I liked, but did not quite love, Tomi Adeyemi’s Children of Blood and Bone when I read it a couple of years ago. I am pleased and a little bit surprised to note that I stayed up much later than I wanted to last night to finish Children of Virtue and Vengeance, the sequel, and that in general I found it a much more satisfying read than the first book in the series. The first book suffered from what felt like (to me) too much recapping and too much YA-ness, for lack of a better word, and …

…well, this book is basically entirely about genocide, so, uh, it doesn’t feel nearly as YA as the previous book did. It follows the same characters, not all of whom are on the same side, and the general plot throughline of the book is you and all your friends and everyone like you should be dead vs no we shouldn’t vs a couple of people who think “you should all be dead” and “no we shouldn’t” are merely differences of opinion that can be sorted out through peace talks.

Hint: nah. And here’s the interesting thing, right? I read through some of the Goodreads reviews of this book, and there are some folks out there complaining about how some of the characters are occasionally not making the smartest of decisions, or sometimes they trust when they shouldn’t, or sometimes they’re inconsistent in how they handle things from one chapter to the next. And what’s weird about this is that those are strengths of the book for me.

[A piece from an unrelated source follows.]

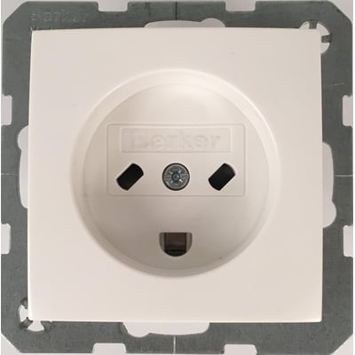 Berker stikkontakt i dansk udførelse. Denne 3-polede stikkontakt er med dansk jord og passer ind i EDB designserien S./B. Farven er hvid (RAL 9010).

These characters— every single POV character— are in enormously over their heads, and not a one of them has the slightest idea how to navigate the world they’ve found themselves in, and most of them are terrified through basically the entirety of the book, although they’re not always scared of the same things. And Children of Blood and Bone spent enough time setting up the relationships between the main characters that the fact that they’re reluctant to kill each other (while at the same time very much feeling like they might need to kill each other, to stop or win the war, depending on which character we’re talking about) that when they’re not always perfectly consistent from chapter to chapter it makes them feel like people, not like a list of character traits that the author didn’t bother to check before writing that particular chapter.

And if someone told me they didn’t like the book for precisely those reasons, I don’t know that I’d argue with them about it, but it definitely made the read more compelling for me. So adjust your expectations accordingly for how often my recommendations are in line with your own ideas about reading.

And then there’s the ending, which left me precisely suspended between “Oh, shit, that was awesome” and “Oh, fuck you, book” and I’m still kind of there? So we’ll see how Adeyemi pulls out of what she wrote herself into in the final book of the trilogy. I was looking forward to reading this, definitely, but my anticipation for the as-yet-untitled Book 3 is considerably higher than my anticipation for this one was. Check it out.